| Exam Board | CAIE |
|---|---|
| Module | FP1 (Further Pure Mathematics 1) |
| Year | 2003 |
| Session | November |
| Marks | 11 |
| Paper | Download PDF ↗ |
| Topic | Vectors: Cross Product & Distances |
| Type | Common perpendicular to two skew lines |
| Difficulty | Challenging +1.8 This is a substantial Further Maths question requiring multiple vector techniques: finding the shortest distance between skew lines using the scalar triple product formula, parametric analysis with trigonometric functions, and calculating angles between planes via normal vectors. While the individual techniques are standard for FP1, the multi-part structure, the parametric circle adding complexity to part (ii), and the three-dimensional geometric reasoning required make this significantly harder than average A-level questions but still within the expected range for Further Maths. |
| Spec | 4.04a Line equations: 2D and 3D, cartesian and vector forms4.04d Angles: between planes and between line and plane4.04h Shortest distances: between parallel lines and between skew lines |
The line $l_1$ passes through the point $A$ with position vector $\mathbf{i} - \mathbf{j} - 2\mathbf{k}$ and is parallel to the vector $3\mathbf{i} - 4\mathbf{j} - 2\mathbf{k}$. The variable line $l_2$ passes through the point $(1 + 5 \cos t)\mathbf{i} - (1 + 5 \sin t)\mathbf{j} - 14\mathbf{k}$, where $0 \leq t < 2\pi$, and is parallel to the vector $15\mathbf{i} + 8\mathbf{j} - 3\mathbf{k}$. The points $P$ and $Q$ are on $l_1$ and $l_2$ respectively, and $PQ$ is perpendicular to both $l_1$ and $l_2$.

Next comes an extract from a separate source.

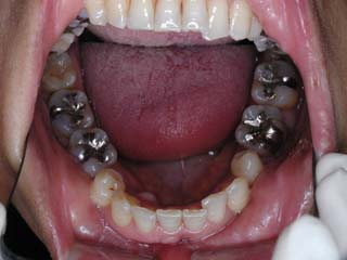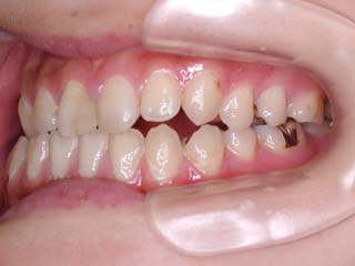 診断名:顎関節症、下顎左右5欠損を伴う骨格性上顎前突

\begin{enumerate}[label=(\roman*)]
\item Find the length of $PQ$ in terms of $t$. [4]
\item Hence show that the lines $l_1$ and $l_2$ do not intersect, and find the maximum length of $PQ$ as $t$ varies. [3]
\item The plane $\Pi_1$ contains $l_1$ and $PQ$; the plane $\Pi_2$ contains $l_2$ and $PQ$. Find the angle between the planes $\Pi_1$ and $\Pi_2$, correct to the nearest tenth of a degree. [4]
\end{enumerate}
\hfill \mbox{\textit{CAIE FP1 2003 Q9 [11]}}